Здесь же находилось то, к чему невольно устремлялись все взоры: модель самого Вакаана, со всеми поселками и городами, реками и огромной горой за городом. Я знал, что если внимательно присмотреться, то там можно различить человечков, зверей и даже птиц. Все это было сделано не для красоты и поражения воображения, а являлось могущественным инструментом, с помощью которого управлялось, наблюдалось и контролировалось королевство. То, что производили маги здесь, над моделью, переносилось в реальное пространство королевства, будь то паводок, дождь или прекрасная погода для сбора урожая. С помощью модели можно было карать и миловать издалека, и это творение я считал величайшей работой магии.

Обычно вокруг этого места было тихо, лишь бесшумно двигались рядом маги, спокойно насылая заклинания в избранную точку. Но только не сегодня. Мне казалось, что заклинания не достигают цели или просто неправильно сотворены, поскольку неожиданно отдельные районы королевства начинали дрожать и рассмотреть их было крайне тяжело, словно через пелену горячего воздуха, а то и просто целиком исчезали, оставляя лишь гладкую поверхность на своем месте. Иные районы слегка поворачивались, оказываясь совершенно не сцепленными друг с другом, совершенно разрушая общую стройную картину.
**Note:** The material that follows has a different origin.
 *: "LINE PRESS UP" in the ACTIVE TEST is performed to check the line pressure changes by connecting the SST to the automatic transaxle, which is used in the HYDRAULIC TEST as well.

И дело было вовсе не в том, что моделью никто не занимался. Нет, вокруг нее толпились, потея, два десятка, если не больше, магов с их учениками, бормоча заклинания и размахивая жезлами и кадильницами. В ряд стояли жаровни, устремляя вверх ароматные дымы от благовоний, а на модель торопливо наносились мелом мистические символы.

Главным, судя по всему, магом, деловито распоряжающимся здесь, был хрупкий красивый молодой человек, не старше Джанелы, на дюйм или два пониже меня. Он здорово смахивал на лисицу, причем не в карикатурном смысле этого слова, просто на его остреньком личике, гладко выбритом, что не часто встречалось при дворе, тревожной жизнью жили проницательные глаза, не пропускающие ничего вокруг. И двигался он, как лисица, живо, грациозно, перемещаясь от мага к магу и отдавая приказы. Он часто хмурился, явно едва сдерживая злость.
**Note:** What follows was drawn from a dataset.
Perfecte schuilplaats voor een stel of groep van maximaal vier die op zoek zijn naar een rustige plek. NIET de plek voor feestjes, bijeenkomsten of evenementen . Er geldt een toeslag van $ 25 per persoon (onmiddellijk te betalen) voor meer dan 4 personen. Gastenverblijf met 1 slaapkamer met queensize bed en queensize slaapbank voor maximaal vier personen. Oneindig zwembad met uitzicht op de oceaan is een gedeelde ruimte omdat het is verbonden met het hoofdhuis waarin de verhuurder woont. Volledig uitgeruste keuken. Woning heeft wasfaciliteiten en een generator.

На нем были голубая шелковая туника и такие же шаровары, а ярко-красный шарф, стягивающий талию и закинутый за плечо, своим цветом указывал на его прямое отношение к стражникам. Поэтому я сразу понял, кто это такой.

— Должно быть, это и есть министр Модин? — спросил я.
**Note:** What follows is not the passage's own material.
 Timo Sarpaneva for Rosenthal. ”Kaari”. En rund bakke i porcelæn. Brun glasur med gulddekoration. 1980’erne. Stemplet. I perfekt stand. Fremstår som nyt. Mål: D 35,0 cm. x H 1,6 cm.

— Именно он, — с глубочайшим почтением ответил Чез.

Нас подвели к трону, и я обратил все свое внимание на человека, сидящего на нем, вернее, полулежащего. Король Гейят заметно повзрослел с тех пор, как я видел его последний раз. Его отец Домас был крупным, медведеподобным мужчиной. Таким же стал и Гейят. Но если Домас сидел набычившись, подавляя всех своим присутствием, то Гейят, развалившись на троне, баюкал там свой выпирающий живот, а щеки свисали по обеим сторонам лица. Темные волосы и борода его были острижены коротко. Он походил не столько на короля, сколько на отдыхающего сказочного обжору. Если отец довольствовался золотым обручем на голове, часто им поигрывая, то Гейят носил искусно выделанную корону с драгоценными камнями. После того как я узнал о существовании гарема, я ожидал увидеть его в окружении наложниц, но их не было, может быть, пока, и король полагал, что сейчас самое время показать себя именно в таком виде. Я ожидал, что Чез объявит о нашем прибытии, но был удивлен громовыми раскатами королевского голоса:

— Господин Амальрик Антеро из Ориссы и госпожа Ликус из Вакаана, предпочитающая ныне называться Джанела Кетер Серый Плащ, вы можете подойти к нам.

И вновь я был удивлен. То ли король Гейят не обращал внимания на детали этикета, а может быть, просто наше прибытие сюда считалось таким важным событием, что нас почтили такой вот честью, выделяя из толпы.

Он обладал таким звучным, глубоким, раскатистым голосом, что какой-нибудь герольд, воскреситель, магистр или генерал не один бы год потратил, отрабатывая соответствующее звучание. Как мы потом выяснили, в процессе речей короля все слушающие подпадали под очарование его голоса, не сразу понимая, в чем же смысл сказанного, тем более что смысла там зачастую вообще не было.